- [Exercise aim]
The entries below contain pictures, which are to be left out; write out exactly, and only, the lines from the line with "SpotMeBro is a" up to and including the line with "第四单元 烘焙食品加工与质量监控(泡芙的加工).ppt(下载附件 1.1 MB)".

- [Extracted data]
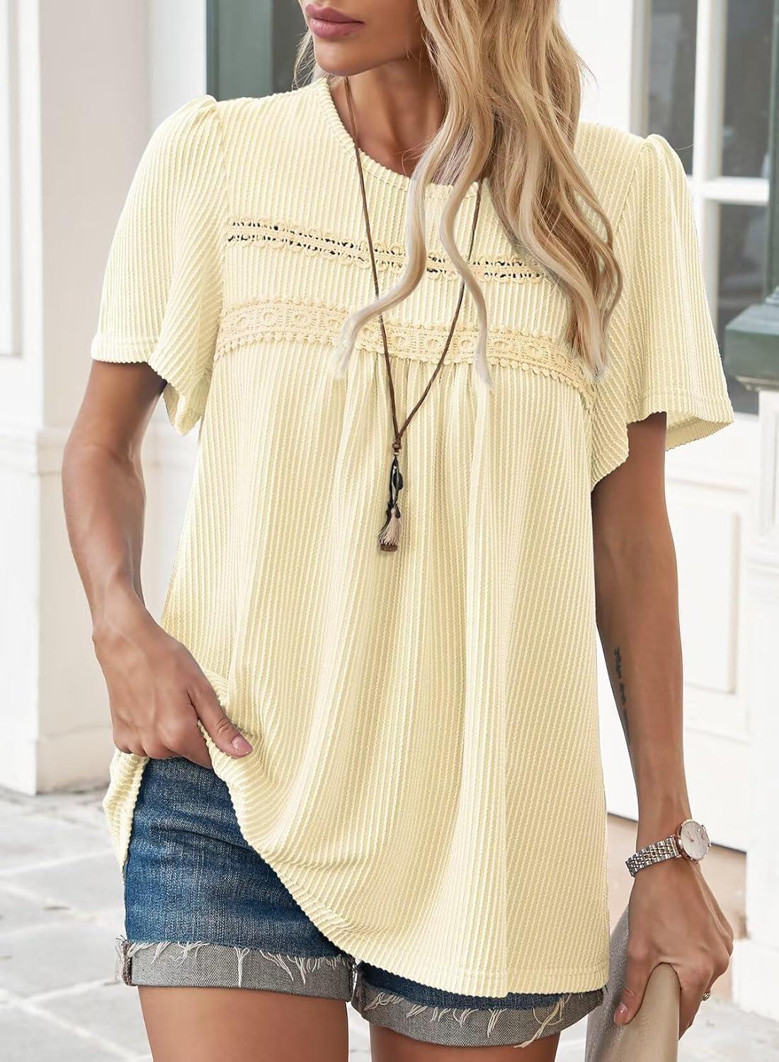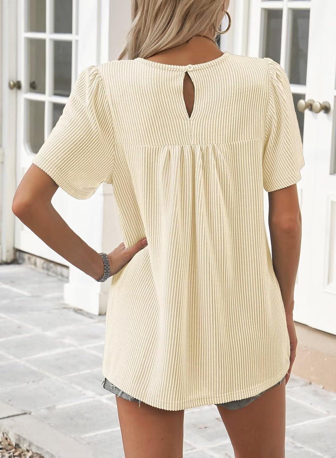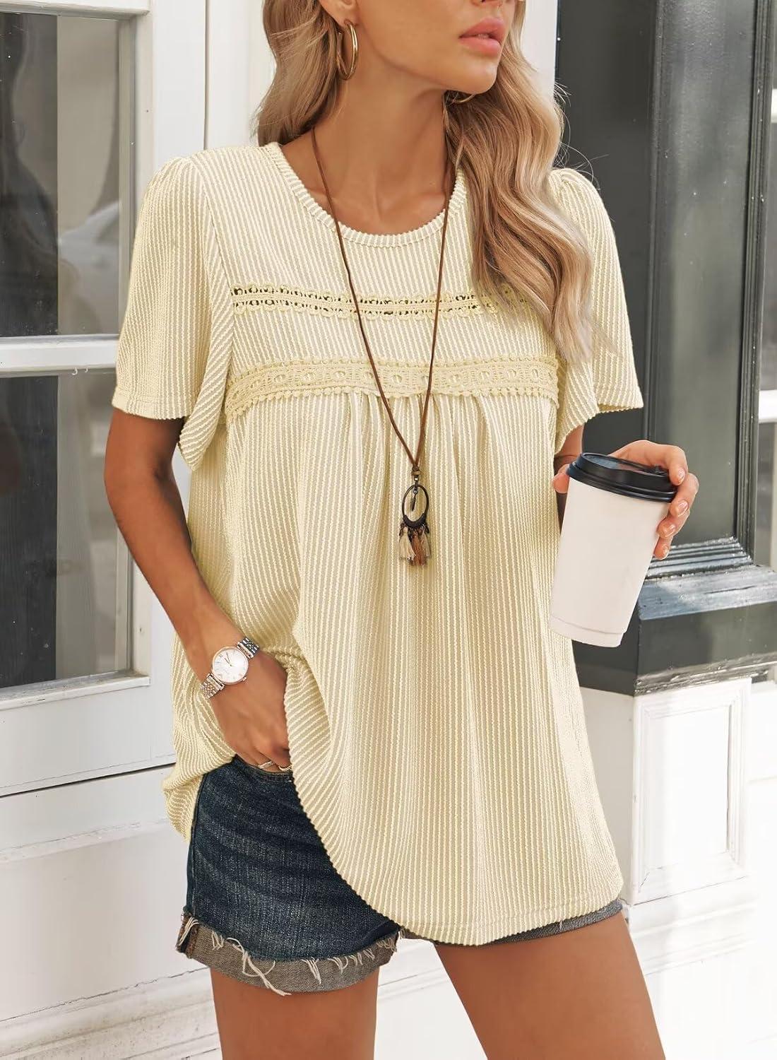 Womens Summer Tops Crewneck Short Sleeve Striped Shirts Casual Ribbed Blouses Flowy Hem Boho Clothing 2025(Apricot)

...

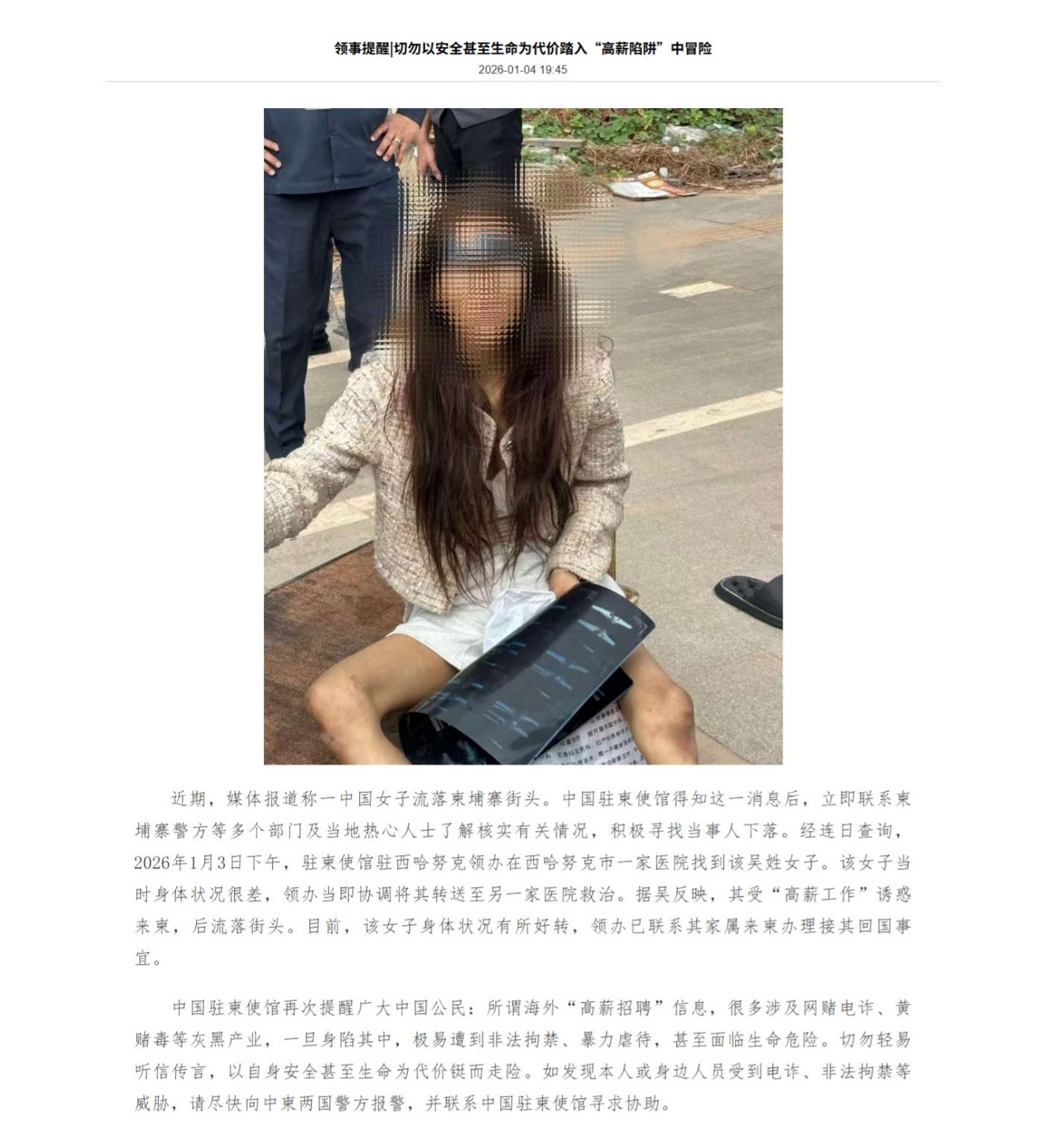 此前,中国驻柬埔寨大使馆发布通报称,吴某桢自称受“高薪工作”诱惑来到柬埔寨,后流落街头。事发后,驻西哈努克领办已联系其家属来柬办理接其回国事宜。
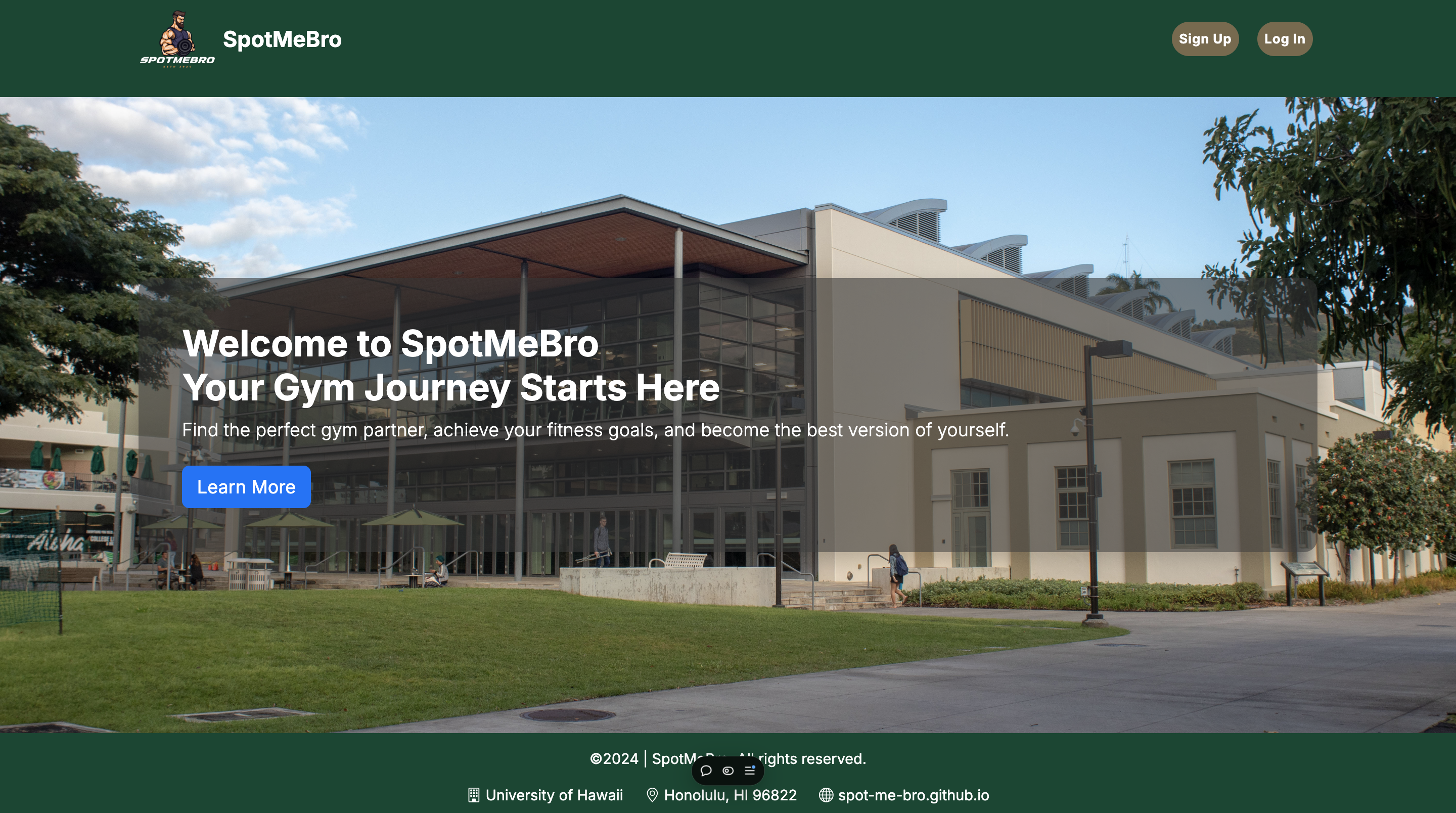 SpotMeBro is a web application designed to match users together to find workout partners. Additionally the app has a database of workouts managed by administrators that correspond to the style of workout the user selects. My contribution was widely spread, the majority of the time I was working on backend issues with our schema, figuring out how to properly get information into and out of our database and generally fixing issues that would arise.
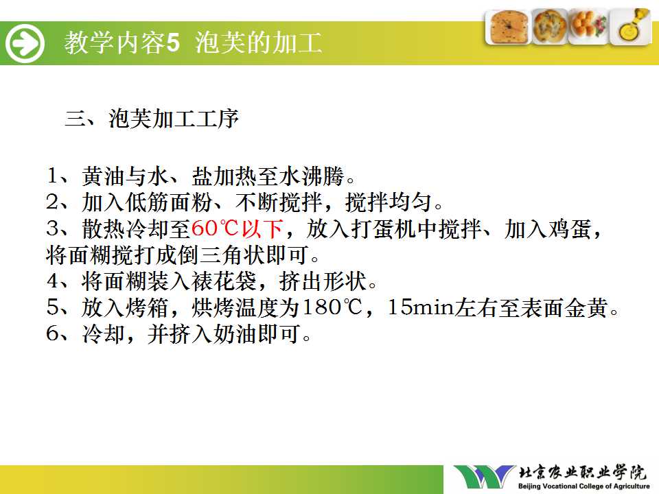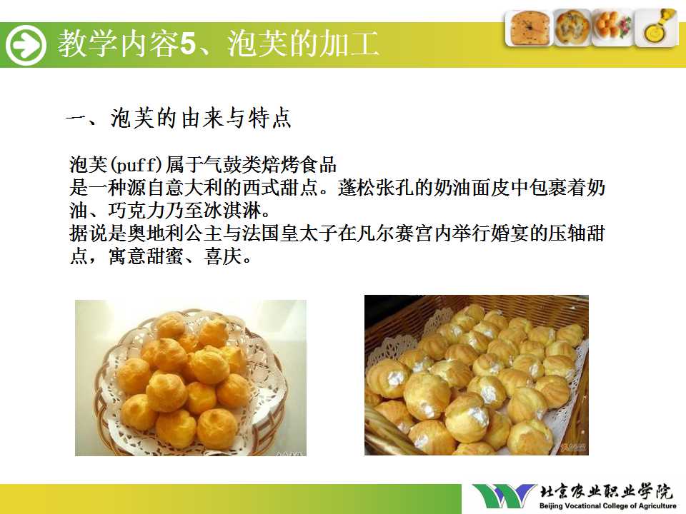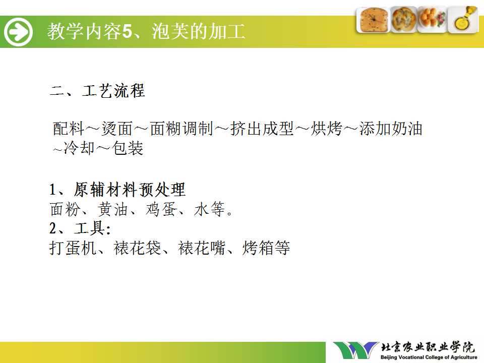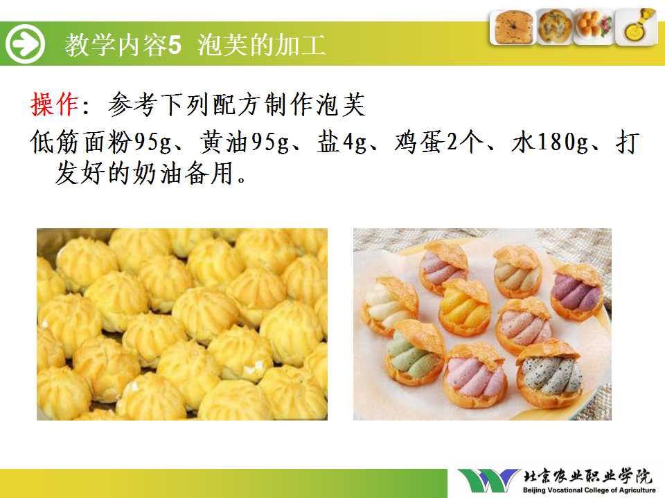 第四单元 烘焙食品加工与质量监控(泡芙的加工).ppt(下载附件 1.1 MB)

* * *

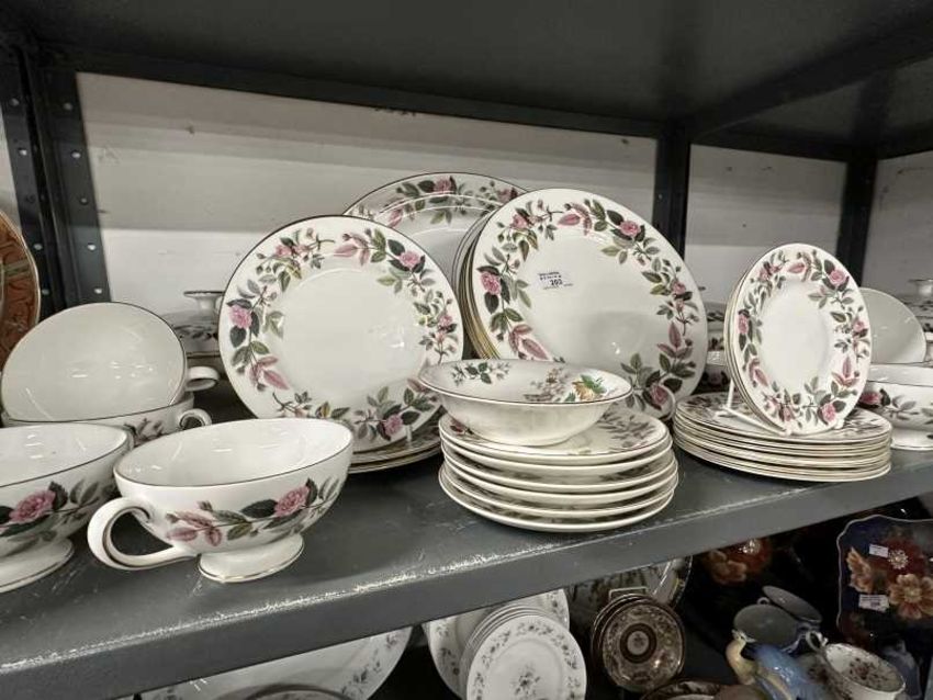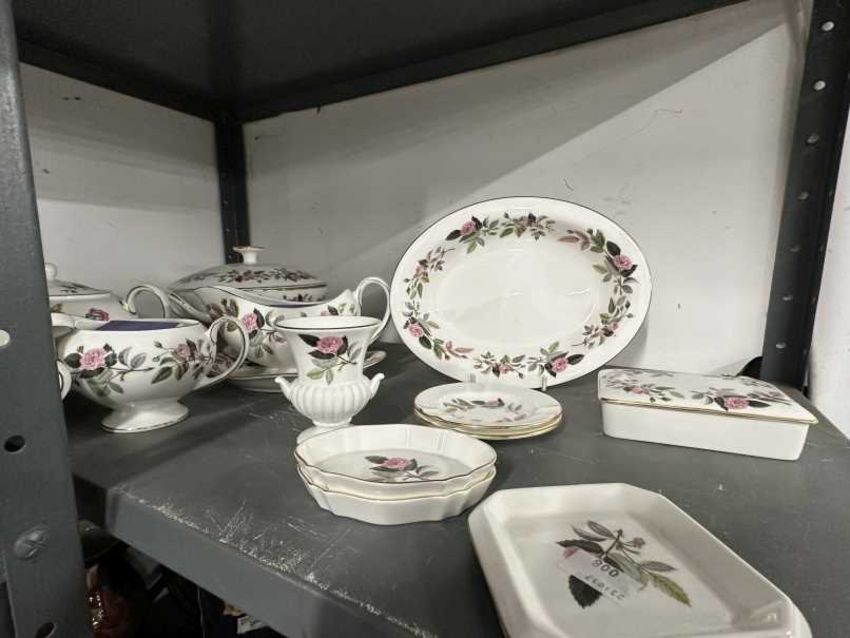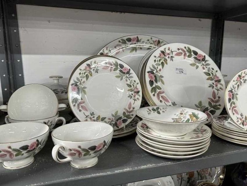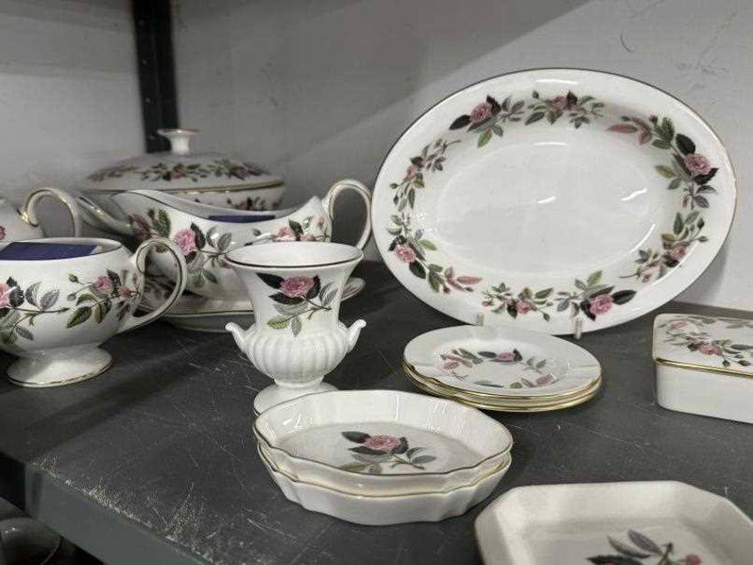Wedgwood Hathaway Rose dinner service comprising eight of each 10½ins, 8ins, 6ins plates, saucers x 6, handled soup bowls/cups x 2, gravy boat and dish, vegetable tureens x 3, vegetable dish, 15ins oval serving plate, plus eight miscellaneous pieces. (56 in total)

- [Written answer]
 SpotMeBro is a web application designed to match users together to find workout partners. Additionally the app has a database of workouts managed by administrators that correspond to the style of workout the user selects. My contribution was widely spread, the majority of the time I was working on backend issues with our schema, figuring out how to properly get information into and out of our database and generally fixing issues that would arise.
 第四单元 烘焙食品加工与质量监控(泡芙的加工).ppt(下载附件 1.1 MB)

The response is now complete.